Finding Duplicate Documents in MongoDB
PublishedNeed to find duplicate documents in your MongoDB database? This article will show you how to find duplicate documents in your existing database using MongoDB's aggregation pipeline.
Finding duplicate values in your database can be difficult, especially if you have millions of documents to look at. MongoDB's aggregation pipeline makes finding duplicate documents easier by allowing you to customize how documents are grouped together and filtered. In other words, MongoDB lets you select fields and group together documents based on your selection in order to find duplicate documents.
The dataset that we will be using is a CSV file containing a list of 550 failed banks compiled by the Federal Deposit Insurance Corporation (FDIC). We've altered the list for this article to include duplicate banks, so our list now includes 559 banks which can be downloaded here.
After downloading the CSV file, let's import the file into our Compose MongoDB deployment. To insert the CSV file, we'll be using mongoimport
to create a database called banks and a collection called list.

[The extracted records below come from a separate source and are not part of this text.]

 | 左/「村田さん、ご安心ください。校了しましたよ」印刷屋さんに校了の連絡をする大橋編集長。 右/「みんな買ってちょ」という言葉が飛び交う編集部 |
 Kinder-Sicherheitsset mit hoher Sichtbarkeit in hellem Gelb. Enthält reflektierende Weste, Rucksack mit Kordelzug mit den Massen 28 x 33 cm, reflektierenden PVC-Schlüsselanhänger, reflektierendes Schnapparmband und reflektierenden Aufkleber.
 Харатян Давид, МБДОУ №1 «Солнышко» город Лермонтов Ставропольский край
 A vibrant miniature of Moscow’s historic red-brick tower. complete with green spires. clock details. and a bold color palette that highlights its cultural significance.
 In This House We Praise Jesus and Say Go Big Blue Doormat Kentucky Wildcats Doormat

Make sure to use the credentials for your deployment.
mongoimport --host aws-us-west-2-portal.0.dblayer.com --port 99999 --db banks --collection list --ssl --sslAllowInvalidCertificates -u user -p mypass --type csv --headerline --file banklist.csv
One you've run mongoimport
in the terminal, you should see that 559 documents have been successfully imported into your database. Now, let's log into our MongoDB shell and look at our documents.

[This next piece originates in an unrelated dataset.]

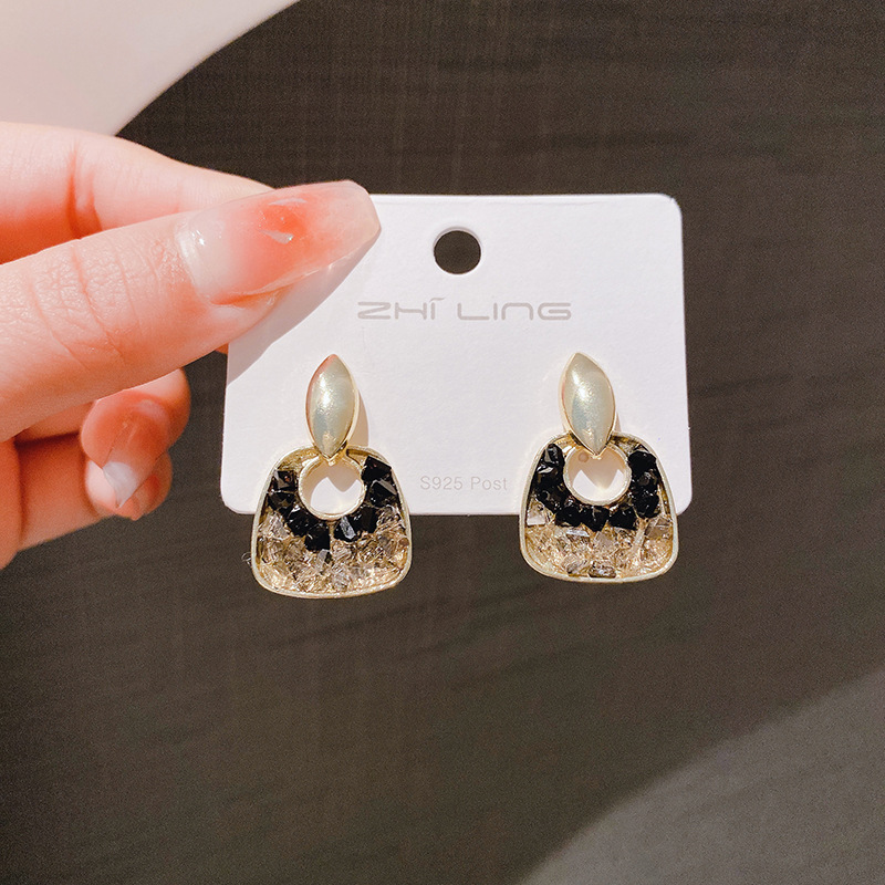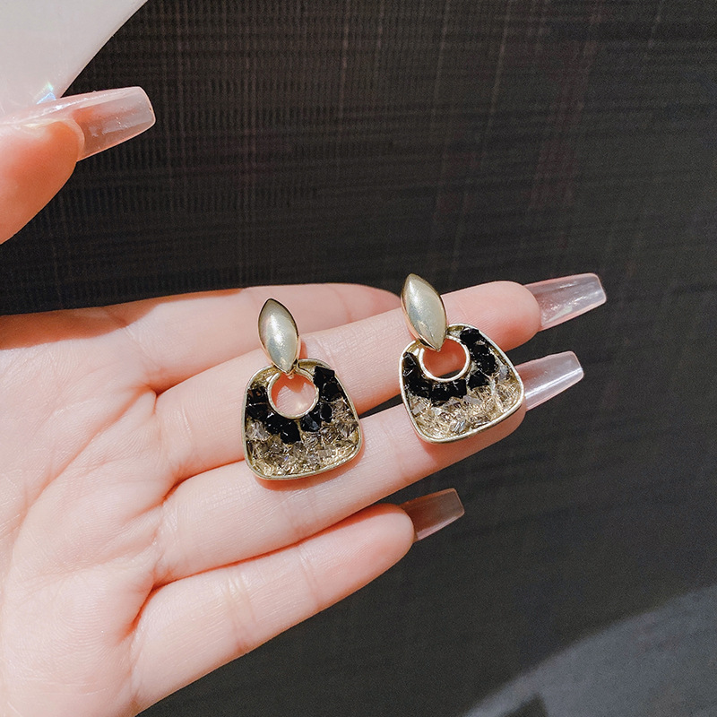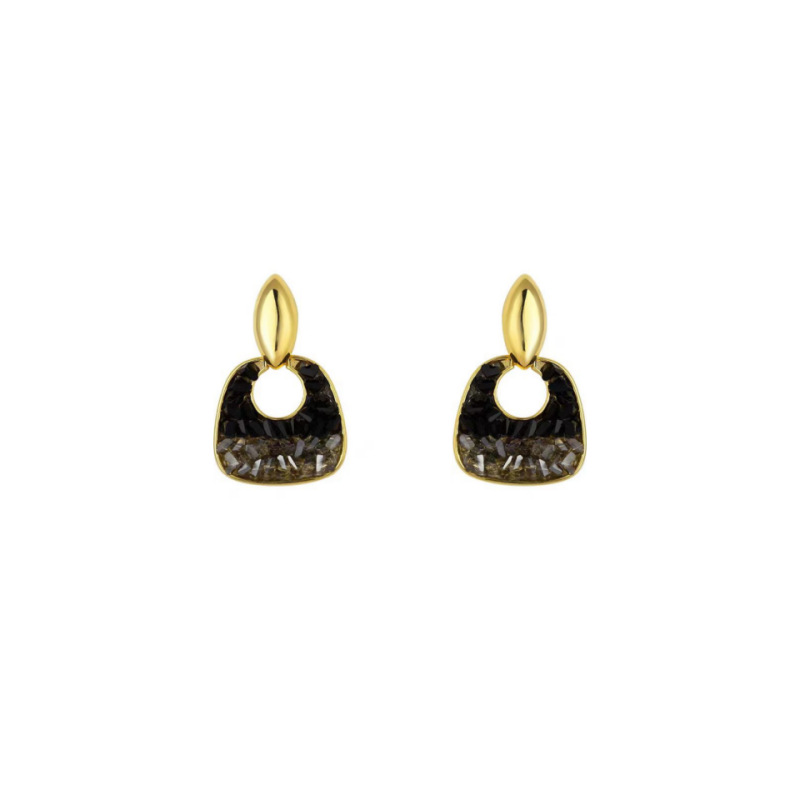 JME-708 黑色水晶优雅耳钉女高级感轻奢耳坠小众设计气质耳饰品
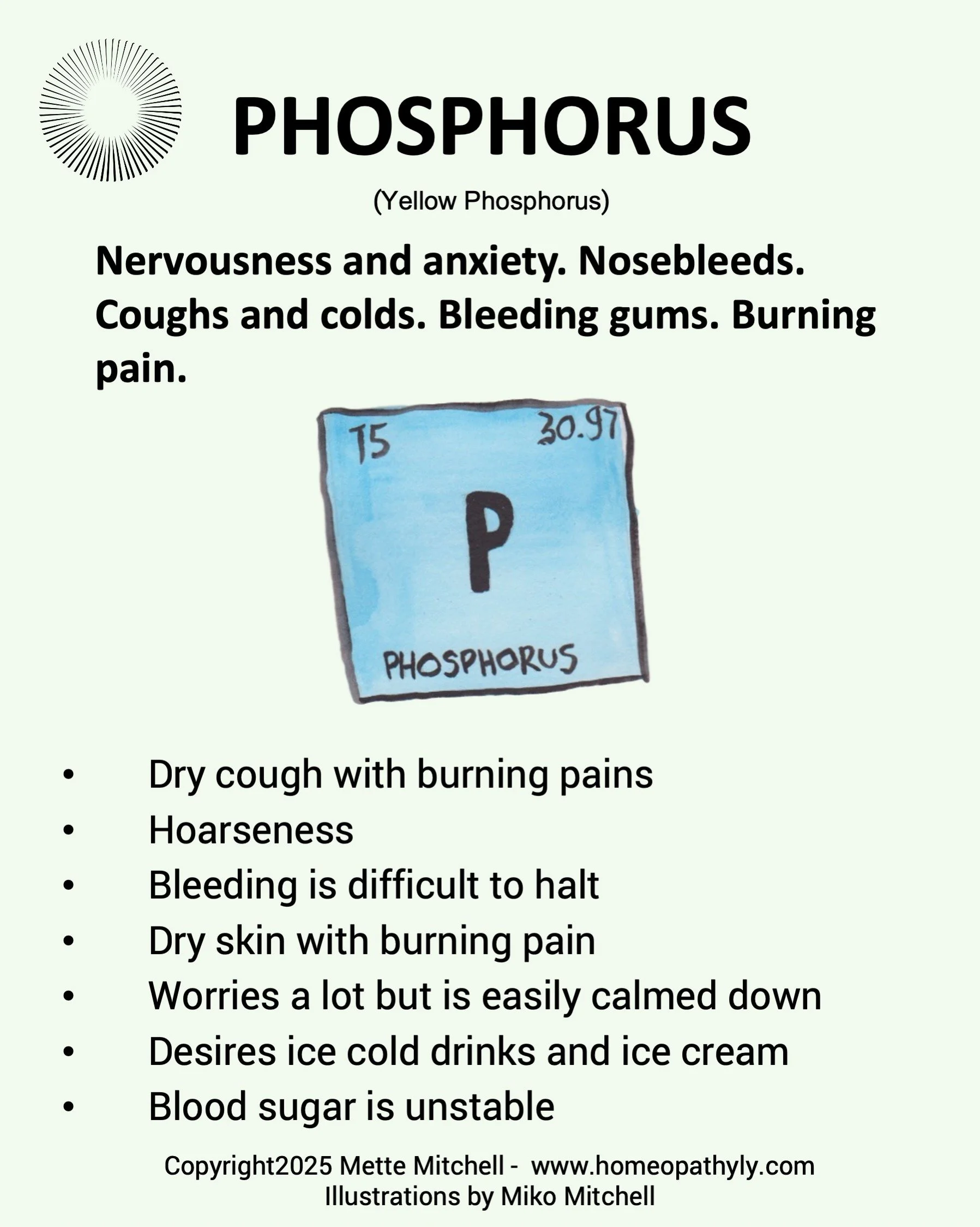 Pain is experienced as burning. Phos cough is typically a dry cough, with a burning pain in the throat. There is also a tendency to bleed a lot and have bleeding that is hard to stop such as small sores, nosebleeds and of course in connection with menstruation. The blood is always completely bright red.

Working with the Bank Data
In the MongoDB shell, our data should look similar to this:
db.list.findOne();
{
"_id" : ObjectId("5900b01b2ce12a2383328e61"),
"Bank Name" : "Seaway Bank and Trust Company",
"City" : "Chicago",
"ST" : "IL",
"CERT" : 19328,
"Acquiring Institution" : "State Bank of Texas",
"Closing Date" : "27-Jan-17",
"Updated Date" : "17-Feb-17"
}
Each document is provided with a unique ObjectId by MongoDB and also a unique CERT
number provided by the FDIC. The CERT number is unique to each branch of a bank. The CERT number is the number that we'll be using to identify duplicate banks. We won't be looking for duplicate Bank Name
s since a bank can have multiple branches and have the same name.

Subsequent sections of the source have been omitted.